Subacute osteomyelitis is classified by Gledhill and Roberts et al.
| Type IA | Metaphyseal lucency without marginal sclerosis |
| Type IB | Metaphyseal lucency with surrounding reactive bone, Brodie abscess |
| Type II | Metaphyseal lucency with cortical erosion |
| Type III | Localized diaphyseal erosion with periosteal reaction |
| Type IV | Diaphyseal lesion with subperiosteal bone formation |
| Type V | Epiphyseal lesion |
| Type VI | Vertebral lesion, diskitis |
Table 3: Subacute osteomyelitis classification by Gledhill and Roberts et al.
Evaluation:
History and physical examination:
Neonates – lack of movement, visible swelling
Older children – limb pain, inability to bear weight, fever
Recent infection history, trauma history
Swollen, erythematous, tender limb
Lab tests and imaging:
CBC, CRP, ESR, procalcitonin, blood cultures
X-ray, MRI with and without contrast, three phase body scan, CT scan
X-ray – osteolysis, sequestrum, involucrum, bone defect
MRI – abscess formation, bone infarction
Aspiration – for chronic osteomyelitis, from sinus orifice, after cleaning the orifice with povidone iodine
Biopsy – aerobic, anaerobic, fungal cultures. Always send to pathology, possible Ewing sarcoma or osteosarcoma diagnosis
For subacute osteomyelitis, biopsy after 6 weeks antibiotic treatment.
Treatment:
Antibiotic therapy:
For AHO – first line of the treatment. Start with iv antibiotics (3-14 days) and after symptoms regress and CRP decrease to normal values switch to oral antibiotics if available.

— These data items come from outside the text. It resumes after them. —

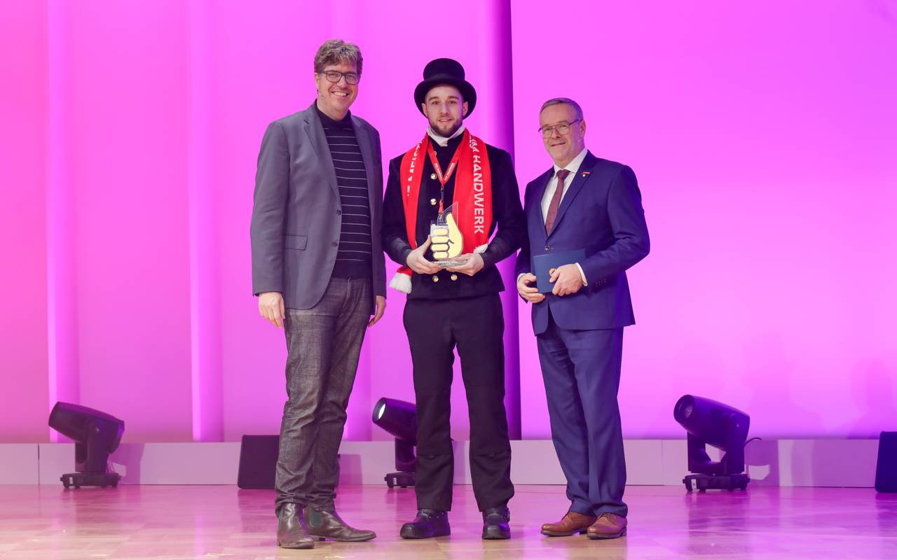 Der Handwerker-Nachwuchs bei uns ist gut aufgestellt. Drei Bundesieger im Handwerk kommen hier aus der Region. Erster Bundessieger wurde der Schornsteinfeger Robin Mauß aus Wuppertal - ausgebildet in Ennepetal. Über den zweiten Platz konnten sich der Stuckateur Maximilian Buerger aus Wetter und die Technische Modellbauerin Wiebke Vollmer aus Bochum freuen. Sie kamen bei der Deutschen Meisterschaft im Handwerk aufs Treppchen und wurden jetzt ausgezeichnet. Vorher mussten sie sich in NRW gegen ihre Berufskonkurrenz durchsetzen. Um am Wettbewerb teilzunehmen, müssen sie ihre Abschlussprüfung mindestens mit der Note "gut" bestanden haben und dürfen nicht älter als 27 Jahre sein.
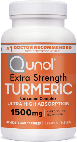 Qunol Turmeric Curcumin Capsules, 1500mg Extra Strength Supplement, Patented Hydro-Soluble Technology, Alternative to Turmeric Curcumin with Black Pepper, 90 Veggie Capsules
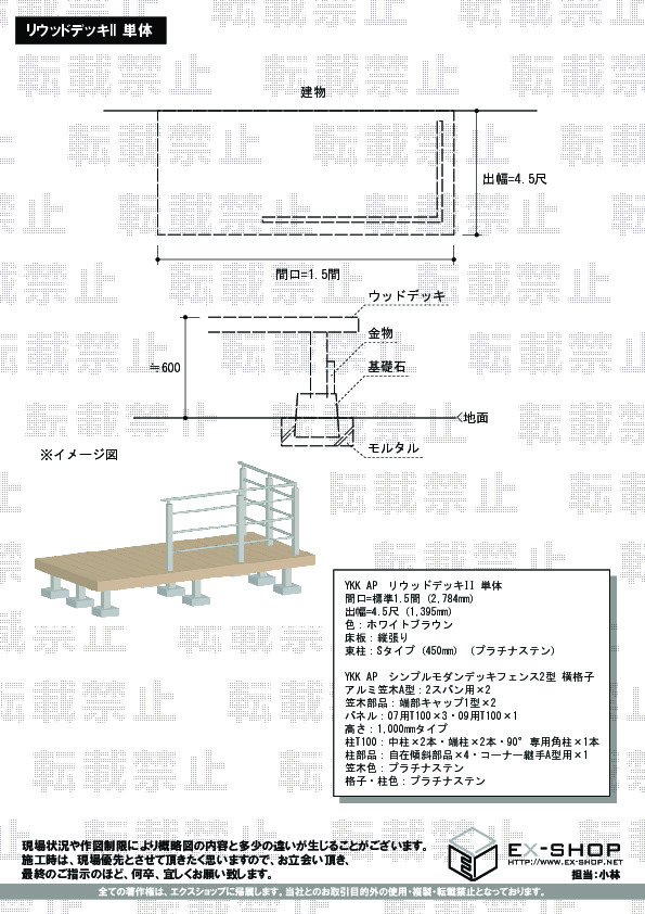 インターネットでのお買い物は顔の見えないお取引となりますので、お客様がご不安に思われることのないよう、お電話とメールにて、随時ご連絡を差し上げております。この様なお言葉を頂き、大変光栄に存じます。明るいお色のリウッドデッキIIに、全く質感の違うシンプルモダンデッキフェンスが綺麗にマッチして、お洒落なお仕上がりでございますね。ご満足頂き、何よりも嬉しく存じます。これからも、お客様のご期待を裏切らないよう精進して参りますので、また機会がございましたら、ぜひエクスショップをご利用頂けますよう、宜しくお願い致します。

Begin with empiric antibiotics, switch to microorganism specific antibiotics after culture results.
Treatment duration is 4-8 weeks.
For chronic osteomyelitis, combination with surgical debridement is suggested.

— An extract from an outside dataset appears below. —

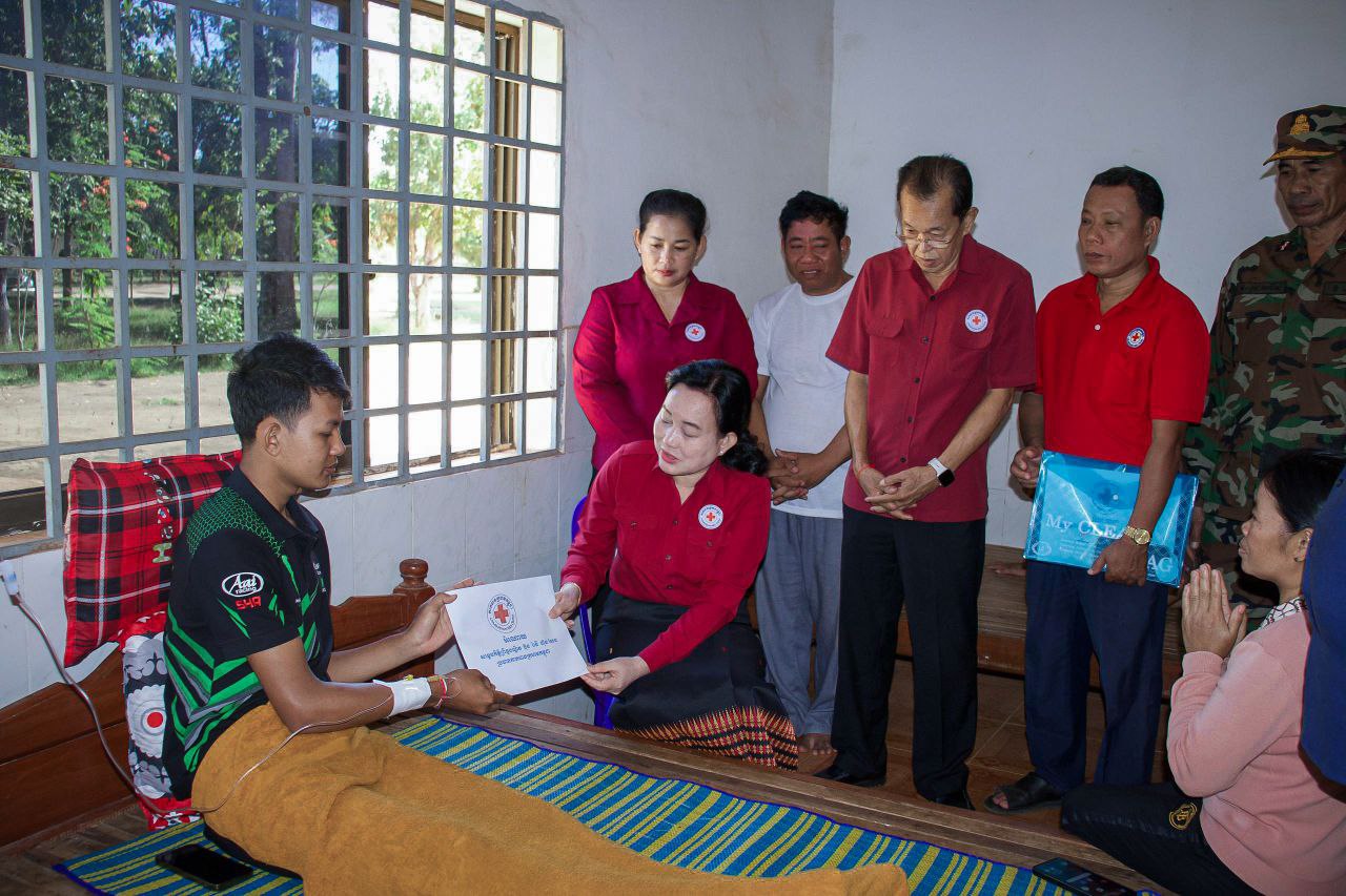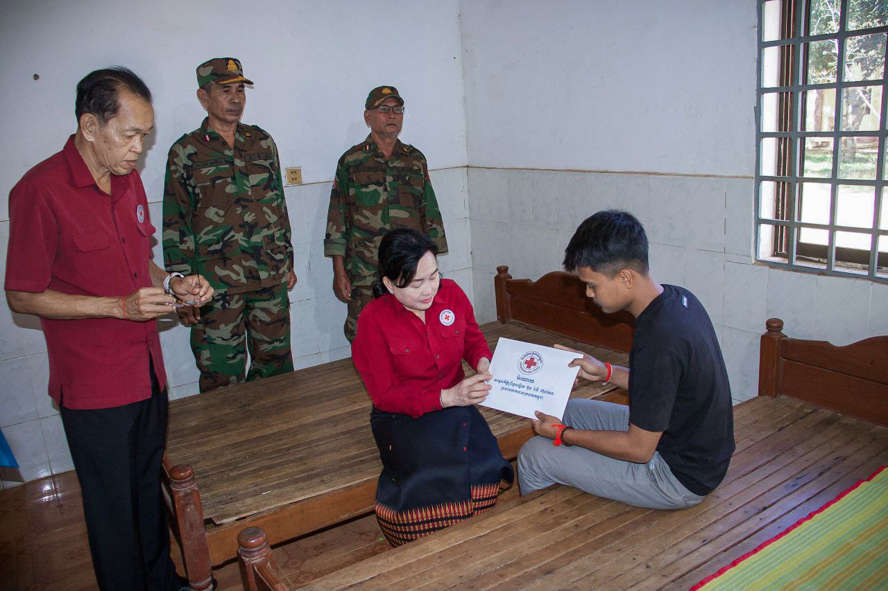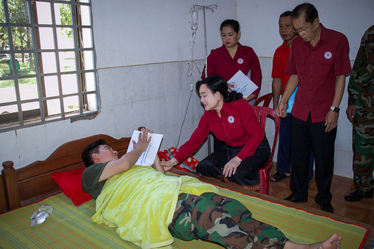 លោកជំទាវ ក៏បាននាំយកបណ្តាំផ្ញើសាកសួរសុខដោយក្តីនឹករលឹក និងអាណិតអាសូរបំផុត ពីឯកឧត្តម អ៊ុន ចាន់ដា ប្រធានគណៈកម្មាធិការសាខា និងឯកឧត្តម សន្តិបណ្ឌិត នេត សាវឿន ប្រធានកិត្តិយសសាខា ពិសេសពី សំណាក់ សម្តេចកិត្តិព្រឹទ្ធបណ្ឌិត ប៊ុន រ៉ានី ហ៊ុនសែន ប្រធានកាកបាទក្រហមកម្ពុជា ដែលជានិច្ចកាល សម្តេចប្រធាន តែងតែ បានណែនាំអោយ គ្រប់បណ្តាញការងារគ្រប់ថ្នាក់ របស់កាកបាទក្រហមកម្ពុជា យកចិត្តទុកដាក់ ជួយដោះស្រាយសម្រាលទុក្ខលំបាកដល់ពលរដ្ឋរងគ្រោះ និង ងាយរងគ្រោះ អោយទាន់ពេលវេលា ពិសេស ត្រូវគិតគូរ ផ្តោតអាទិភាពទៅលើយោធិនរបួស ពិការ យោធិនមានជម្ងឺ គ្រួសារកងទ័ពជួរមុខ និងពលរដ្ឋភៀសសឹក ជាសំខាន់ ។

Rifampin is used as a supplement to the antistaphylococcal antibiotics – bactericidal action.
Treatment duration is 6-9 months.
Surgery:
For AHO – surgical debridement if subperiosteal/intraosseous abscess is present, limited response to antibiotics
For chronic osteomyelitis – sequestrum removal, abscess drainage, granulation tissue debridement
Debridement of all nonviable, devitalized tissues is essential. Bone debridement should be done until cancellous bleeding, paprika sign, is seen.

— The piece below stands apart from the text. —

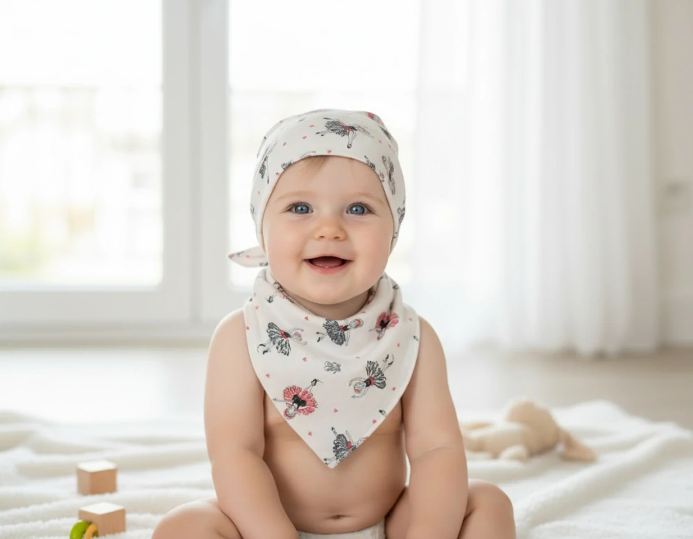 jemný bavlněný šátek má mnoho použití, možné použít jako klasický šáteček na zavazování pod bradičkou, nebo vzadu či jako pirátský, může sloužit i jako slintáček, také jako lehká šálka ochrání krček miminka před chladem.

Antibiotic impregnated PMMA beads can be used to achieve local antibiotic release and reduce dead space.
If no cortex continuity after debridement – external stabilization is needed.
If extensive bone defect is present – reconstructive procedures such as bone grafting, vascularized fibula grafting or bone transport with Ilizarov method can be performed.
Complications:
AHO:
Chronic infection, septic arthritis, growth disturbance, DVT, pulmonary embolism, avascular necrosis, deformity, adverse drug reactions
Septic arthritis – especially in bones with intraarticular metaphysis
Growth disturbance – bar formation, mostly central and diffuse. Hard to resect. May cause severe limb length discrepancies.
DVT – especially as a part of disseminated staphylococcal infection. Panton-Valentine lekocidin in MRSA infections is responsible.
Chronic osteomyelitis:
Recurrence in 20-30% of patients. Aggressive debridement needs to be performed in order to prevent recurrences.
Osteopenia, angular deformity, joint stiffness, pin site infections.